IN the INTEREST OF S.A.D. et al., children. In the Interest of L.A.D. et al., children.
In these two appeals, the mothers of the respective six children challenge the juvenile court's order transferring custody of their children to the Walton County Department of Family and Children Services (“DFCS”) following the mothers' voluntary surrender of the children to the paternal grandparents for adoption. The mothers contend that the juvenile court lacked authority to terminate their parental rights and order the children surrendered to DFCS rather than the paternal grandparents who the mothers had designated in their respective surrenders. After the juvenile court issued its order, the children were nevertheless adopted by the paternal grandparents.1 Because the children have been adopted by the grandparents, and this was the very relief the mothers sought and to which they consented, there is no error left for this Court to correct. As a result, the mothers' claims on appeal are moot, and we therefore dismiss these appeals.
The records show that Larry Denmark, Jr., is the father of all six children.2 The mother of S. A. D., M. A. D., and S. P. D., is Whipharat Mongkol, who has lived in Thailand for the entirety of these proceedings. The mother of L. A. D., E. A. D., and A. A. D. is Supranee Denmark. Supranee and Larry are married and had custody of all of the children.
In May of 2014, the juvenile court entered a dependency removal order for all six children based on evidence of abuse and neglect, and the children were placed in foster care. Larry subsequently pled guilty to cruelty to children and simple battery, and he stipulated that the children were dependent. Thereafter, DFCS filed a petition for termination of the father's and both mothers' parental rights. In 2015, the juvenile court terminated the father's parental rights.
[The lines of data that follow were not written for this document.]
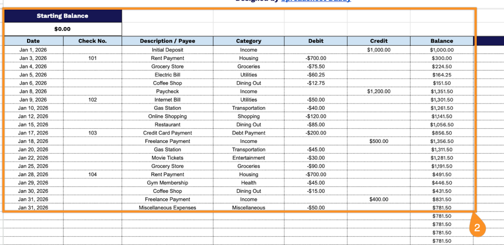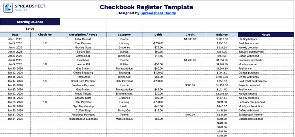 - Starting balance field: The header section includes an editable starting balance field that lets you enter your initial account balance before recording any transactions, ensuring accurate balance tracking throughout the register.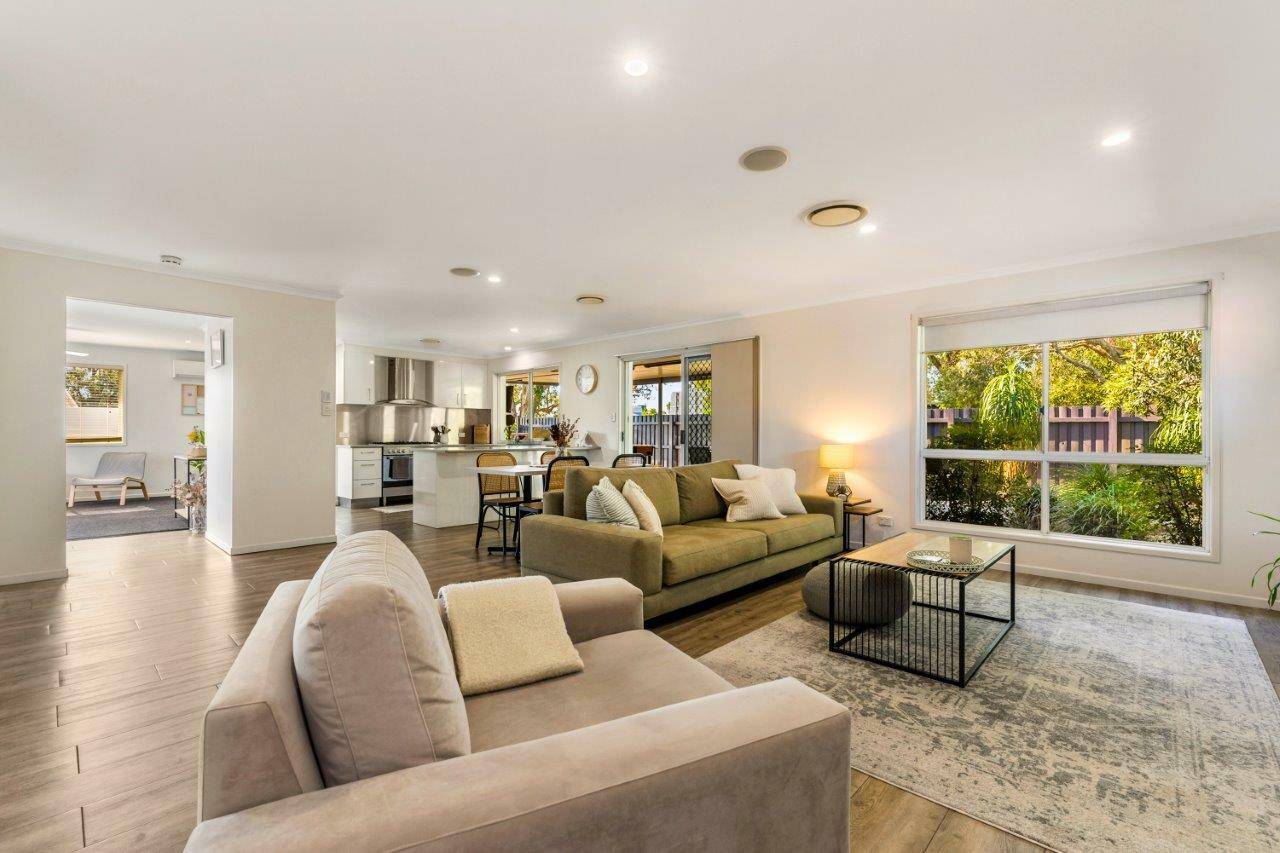 Stylishly renovated and offering a fantastic layout that allows good separation for easy family living this superb 3 bedroom home includes; a huge main bedroom with retreat and stunning ensuite, 2 large and separate living areas with extra study/office space, an enormous covered entertaining area and deck, plenty of off-street parking with large tradesman’s shed, and a good-sized grassed area for the kids and pets or a perfect spot for a pool.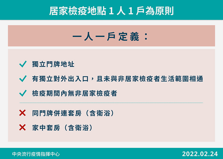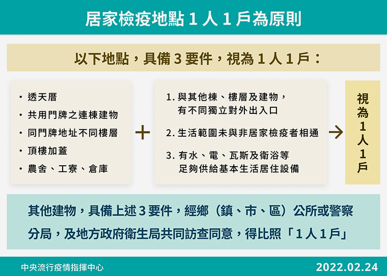 另外,指揮中心副指揮官陳宗彥詳細說明「1人1戶」的條件,「1人1戶」認定原則為:有獨立門牌,有獨立衛浴,有獨立出入口;如果是住處中或是同門牌併連的套房,則不屬於1人1戶。

Thereafter, the paternal grandparents filed a petition for custody and sought to intervene in the pending termination cases. In May of 2016, while the termination cases were still pending, the mothers surrendered their parental rights to the paternal grandparents with the intent that the grandparents would adopt the children. DFCS objected to allowing the grandparents to have custody. At a hearing, the juvenile court found that the mothers' surrender of parental rights was a full and final surrender, leaving the mothers with no residual rights or standing to participate in the children's placement. The juvenile court further found that continued placement in DFCS custody was appropriate, and that DFCS had the right to consent to—or oppose—the adoption. The following month, in September 2016, the grandparents adopted the children.
The mothers appeal, challenging only the juvenile court's authority to dictate the terms of the surrender. Because the children have been adopted by the grandparents, however, we must dismiss this appeal as moot.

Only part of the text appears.